OPINI: Mudik dan Solusi Islam di Bidang Transportasi Publik
Oleh: Ratih Najiyah, S.Pd.
(Guru dan Aktivis Dakwah di Palopo)
MUDIK. Satu kata yang tak bisa dilewatkan ketika menjelang dan ba’da lebaran. Pun menjelang dan habis tanggal 1 Syawal kali ini. Berbondong-bondong masyarakat di perkotaan pulang kampung (pulkam).
Tujuannya, silaturahim dan berkumpul sanak saudara di kampung halaman. Menyenangkan memang. Mereka melakukan perjalanan menggunakan berbagai moda tranportasi, baik darat, laut dan udara.
Sayang setiap tahun, mudik selalu meninggalkan cerita yang memprihatinkan. Apa itu? Musibah kecelakaan. Tragedi brexit tahun 2016 dan KM Sinar Bangun tahun 2018 hanyalah puncak gunung es kelabunya transportasi lebaran.

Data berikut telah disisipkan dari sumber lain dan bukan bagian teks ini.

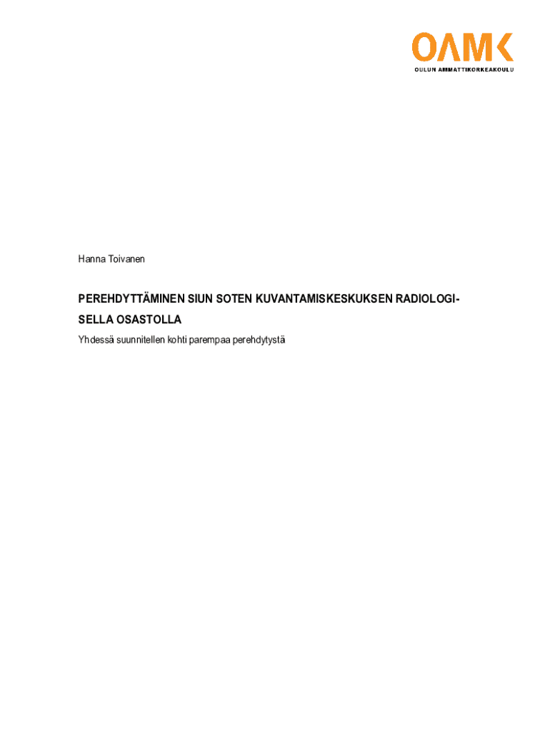 Hanna ToivanenPEREHDYTTMINEN SIUN SOTEN KUVANTAMISKESKUKSEN RADIOLOGISELLA OSASTOLLA Yhdess suunnitellen kohti parempaa perehdytystPEREHDYTTMINEN SIUN SOTEN KUVANTAMISKESKUKSEN RADIOLOGISELLA OSASTOLLA

Selain mahal, transportasi lebaran juga selalu jauh dari sebutan aman, manusiawi dan rasa nyaman bagi setiap orang. Karenanya angka kecelakaan dari tahun ke tahun selalu saja tinggi, ratusan jiwa melayang sia-sia.
Dikhawatirkan para pengamat pada tahun ini pun tetap demikian. Sehubungan harga tiket pesawat yang sangat mahal sehingga publik beralih dari angkutan udara yang relatif lebih aman ke angkutan darat dan laut dengan berbagai resiko, di samping tingginya pengguna kendaraan roda dua yang sangat rawan kecelakaan.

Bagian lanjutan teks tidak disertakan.